▸ TASK REQUIREMENTS:
In the listing below, find the line containing "Authentic Dior Logo" and the line containing "各位同学,上海大学第一批录取". Repeat exactly those two lines and every line between them.
--- START ---
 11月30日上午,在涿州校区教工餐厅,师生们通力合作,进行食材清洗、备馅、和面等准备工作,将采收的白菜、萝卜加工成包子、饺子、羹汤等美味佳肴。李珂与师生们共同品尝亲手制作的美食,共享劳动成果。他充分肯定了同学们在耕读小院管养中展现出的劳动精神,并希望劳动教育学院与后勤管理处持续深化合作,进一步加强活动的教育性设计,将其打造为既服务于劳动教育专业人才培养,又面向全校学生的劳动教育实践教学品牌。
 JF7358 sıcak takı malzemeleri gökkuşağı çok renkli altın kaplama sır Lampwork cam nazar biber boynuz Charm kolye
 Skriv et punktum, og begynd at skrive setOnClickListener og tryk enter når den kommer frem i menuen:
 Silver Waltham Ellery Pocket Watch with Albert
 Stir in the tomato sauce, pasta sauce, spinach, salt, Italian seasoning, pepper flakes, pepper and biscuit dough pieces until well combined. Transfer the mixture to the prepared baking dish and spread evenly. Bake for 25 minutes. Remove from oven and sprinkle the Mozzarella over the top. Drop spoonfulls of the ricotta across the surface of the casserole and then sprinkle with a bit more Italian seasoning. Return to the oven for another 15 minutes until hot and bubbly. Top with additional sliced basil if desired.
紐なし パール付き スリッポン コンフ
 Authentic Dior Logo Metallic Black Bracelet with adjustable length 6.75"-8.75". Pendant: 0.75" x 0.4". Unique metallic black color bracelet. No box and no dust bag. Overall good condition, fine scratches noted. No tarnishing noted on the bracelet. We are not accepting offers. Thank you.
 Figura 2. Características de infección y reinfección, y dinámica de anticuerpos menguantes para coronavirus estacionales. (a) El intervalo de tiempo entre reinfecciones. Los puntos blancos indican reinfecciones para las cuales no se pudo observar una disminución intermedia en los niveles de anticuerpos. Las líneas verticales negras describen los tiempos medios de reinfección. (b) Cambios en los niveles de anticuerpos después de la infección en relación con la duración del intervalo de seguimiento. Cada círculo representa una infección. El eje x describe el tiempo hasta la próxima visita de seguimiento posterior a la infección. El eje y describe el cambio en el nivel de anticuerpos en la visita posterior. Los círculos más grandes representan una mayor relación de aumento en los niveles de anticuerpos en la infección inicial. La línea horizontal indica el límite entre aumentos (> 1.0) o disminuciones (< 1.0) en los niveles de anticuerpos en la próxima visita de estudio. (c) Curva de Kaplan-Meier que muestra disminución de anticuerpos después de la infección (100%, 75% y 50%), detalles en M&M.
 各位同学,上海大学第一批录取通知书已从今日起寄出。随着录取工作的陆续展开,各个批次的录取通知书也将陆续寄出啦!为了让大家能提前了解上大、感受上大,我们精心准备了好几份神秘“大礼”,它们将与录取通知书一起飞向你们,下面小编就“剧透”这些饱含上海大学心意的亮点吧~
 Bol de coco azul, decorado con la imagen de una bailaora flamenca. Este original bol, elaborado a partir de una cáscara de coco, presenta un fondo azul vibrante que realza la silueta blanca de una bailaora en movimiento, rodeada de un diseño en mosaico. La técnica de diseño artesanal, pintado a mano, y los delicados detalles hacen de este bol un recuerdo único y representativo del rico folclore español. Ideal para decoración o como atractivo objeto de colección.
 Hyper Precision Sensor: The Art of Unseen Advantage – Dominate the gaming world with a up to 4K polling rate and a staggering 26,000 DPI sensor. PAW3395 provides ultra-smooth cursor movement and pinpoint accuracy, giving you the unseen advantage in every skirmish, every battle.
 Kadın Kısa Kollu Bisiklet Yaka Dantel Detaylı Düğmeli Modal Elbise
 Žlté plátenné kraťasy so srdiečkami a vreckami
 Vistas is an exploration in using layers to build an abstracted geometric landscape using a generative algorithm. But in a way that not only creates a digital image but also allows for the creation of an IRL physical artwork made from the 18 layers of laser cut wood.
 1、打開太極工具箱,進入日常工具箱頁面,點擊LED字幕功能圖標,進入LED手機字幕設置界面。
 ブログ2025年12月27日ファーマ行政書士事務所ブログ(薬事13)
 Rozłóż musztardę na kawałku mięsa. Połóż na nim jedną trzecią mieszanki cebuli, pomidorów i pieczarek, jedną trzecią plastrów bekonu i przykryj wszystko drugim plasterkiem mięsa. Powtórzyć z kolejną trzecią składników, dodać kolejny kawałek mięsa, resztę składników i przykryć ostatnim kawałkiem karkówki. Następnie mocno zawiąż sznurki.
--- END ---
▸ EXERCISE RESPONSE:
 Authentic Dior Logo Metallic Black Bracelet with adjustable length 6.75"-8.75". Pendant: 0.75" x 0.4". Unique metallic black color bracelet. No box and no dust bag. Overall good condition, fine scratches noted. No tarnishing noted on the bracelet. We are not accepting offers. Thank you.
 Figura 2. Características de infección y reinfección, y dinámica de anticuerpos menguantes para coronavirus estacionales. (a) El intervalo de tiempo entre reinfecciones. Los puntos blancos indican reinfecciones para las cuales no se pudo observar una disminución intermedia en los niveles de anticuerpos. Las líneas verticales negras describen los tiempos medios de reinfección. (b) Cambios en los niveles de anticuerpos después de la infección en relación con la duración del intervalo de seguimiento. Cada círculo representa una infección. El eje x describe el tiempo hasta la próxima visita de seguimiento posterior a la infección. El eje y describe el cambio en el nivel de anticuerpos en la visita posterior. Los círculos más grandes representan una mayor relación de aumento en los niveles de anticuerpos en la infección inicial. La línea horizontal indica el límite entre aumentos (> 1.0) o disminuciones (< 1.0) en los niveles de anticuerpos en la próxima visita de estudio. (c) Curva de Kaplan-Meier que muestra disminución de anticuerpos después de la infección (100%, 75% y 50%), detalles en M&M.
 各位同学,上海大学第一批录取通知书已从今日起寄出。随着录取工作的陆续展开,各个批次的录取通知书也将陆续寄出啦!为了让大家能提前了解上大、感受上大,我们精心准备了好几份神秘“大礼”,它们将与录取通知书一起飞向你们,下面小编就“剧透”这些饱含上海大学心意的亮点吧~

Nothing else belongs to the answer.